Die Erfindung betrifft u. a. ein Verfahren zum Darstellen von an einem Anzeigenmonitor wiedergebbaren Bildern, die vorzugsweise bei medizinischen Untersuchungen aufgenommen wurden. Die nebengeordneten Ansprüche 17 und 33 betreffen eine entsprechende Vorrichtung zum Verarbeiten und Wiedergeben digitaler Bilder bzw. eine medizinische Untersuchungsanlage.

Die Erfindung hat zum Ziel, ein Verfahren anzugeben, gemäß welchem Bilder an einem Anzeigemonitor dargestellt werden, die dem Betrachter auf einfache und übersichtliche Weise eine Analyse ermöglichen (siehe OS, Spalte 1, Zeile 28 bis 32).

Der Fachmann ist wegen den notwendigen Berechnungen bei der Bilddarstellung ein Dipl.-Mathematiker oder -Informatiker mit entsprechender Berufserfahrung bei der Darstellung von Bildern aus medizinischen Untersuchungen.

Gegenüber dem bisher in Betracht gezogenen Stand der Technik ist der Gegenstand des Patentanspruchs 1 neu und beruht auch auf einer erfinderischen Tätigkeit.

Aus der Druckschrift D1 ist ein Verfahren zur Digitalisierung von analogen Röntgenfilmen bekannt, bei dem unterbelichtete Röntgenfilme verwendet werden (siehe Ansprüche 1 und 2). Zur Darstellung der Röntgenbilder wird lediglich erwähnt, dass mehrere digitale Bilder gemeinsam auf einem Bildschirm mosaikartig darstellbar sind und aus diesen eines für eine Vergrößerung auswählbar ist (siehe Spalte 6, Zeilen 18 bis 27; Spalte 9, Zeilen 6 bis 10 und Anspruch 24). Mehrere Bilder eines Untersuchungsvolumens eines Objekts mit beliebiger Orientierung der Bildebenen zueinander und entsprechenden Markierungen zur Lage der Bildebenen anzuzeigen, gemäß den Merkmalsgruppen M3 und M4, ist somit aus der Druckschrift D1 nicht bekannt.
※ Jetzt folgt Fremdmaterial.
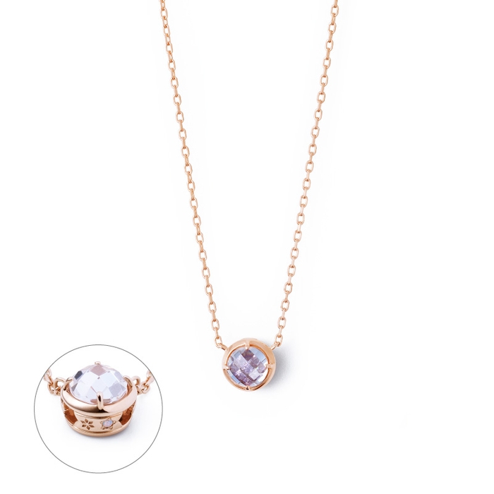 特殊なセッティングにより揺れ続けるピンクカラーのストーンが、ホワイトカラーストーンにやわらかく映し出され、2つのストーンが織りなす幻想的な表情が魅力です。
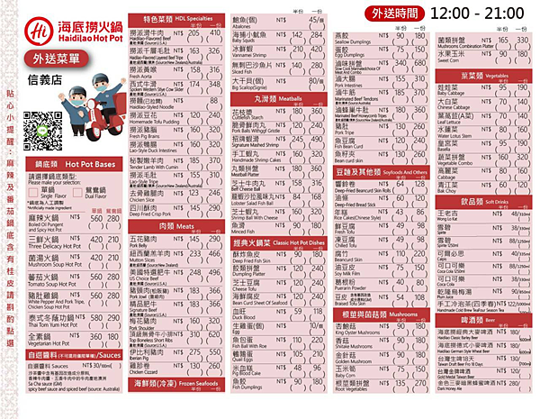 先附上海底撈的外送菜單給大家參考,基本上差最多的就是沒有四格鍋,會改成鴛鴦鍋
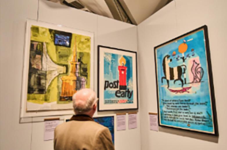 A visitor viewing the new How to Make a Poster exhibition
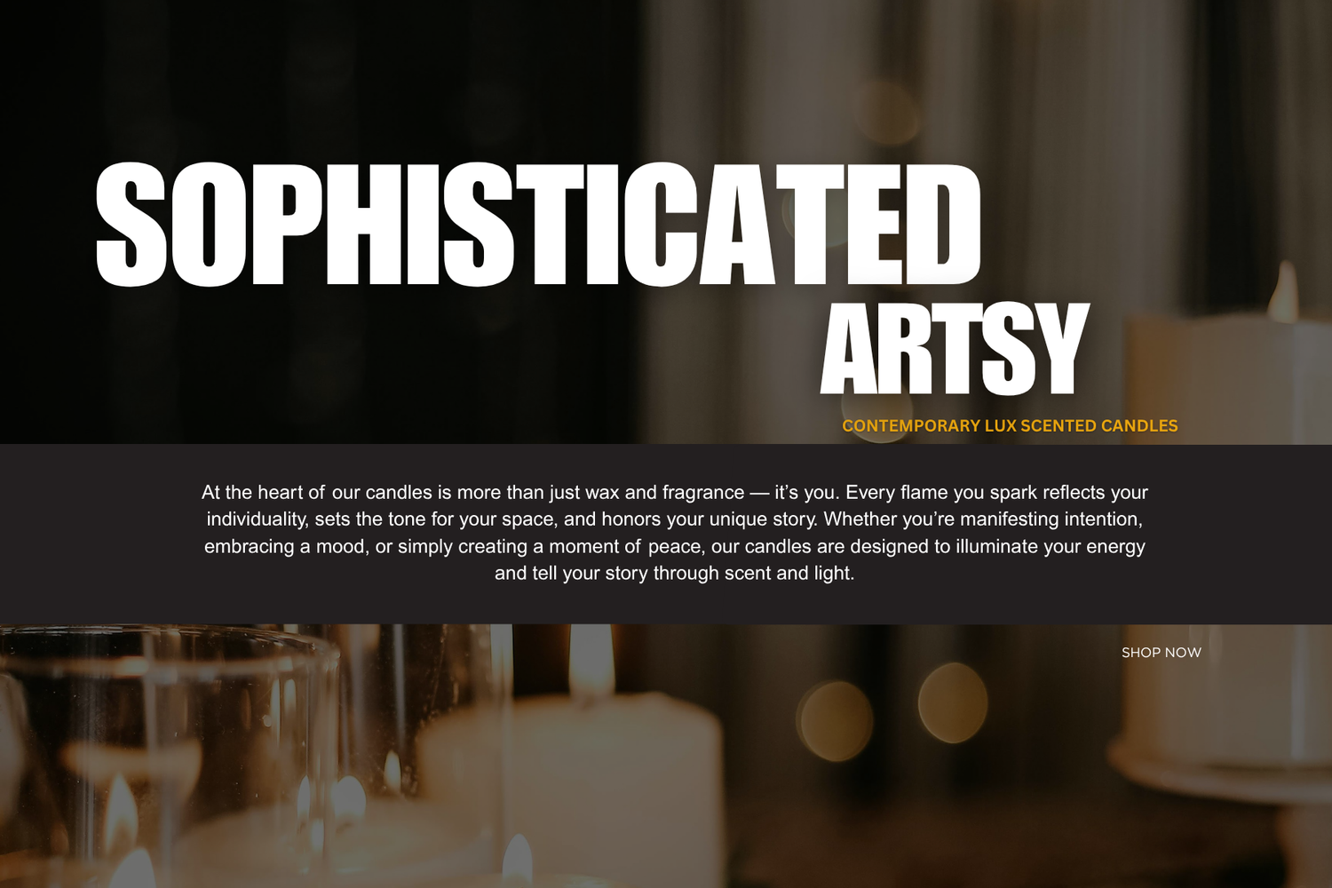 Our candles are designed for those who appreciate modern elegance and creative expression in equal measure. With clean lines, premium materials, and thoughtful scents, we embody the understated opulence of contemporary luxury. But beyond the surface, each candle is also a work of art — inspired by color, texture, and emotion — capturing a sophisticated artsy spirit that transforms any space into a gallery of light and mood.

Aus der Druckschrift D2 ist lediglich bekannt, bei einem Verfahren zum Betrieb eines digitalen Bildsystems die Bildverarbeitung über objektabhängige Parameter individuell einzustellen (siehe Anspruch 1). Bei Röntgenbildern soll damit z. B. über eine Tastatur die Bildverarbeitung organabhängig bildindividuell einstellbar sein (siehe Spalte 2, Zeilen 44 bis 54). Mehrere Bilder eines Untersuchungsvolumens eines Objekts mit beliebiger Orientierung der Bildebenen zueinander und entsprechenden Markierungen zur Lage der Bildebenen anzuzeigen, gemäß den Merkmalsgruppen M3 und M4, ist somit aus der Druckschrift D2 ebenfalls nicht bekannt.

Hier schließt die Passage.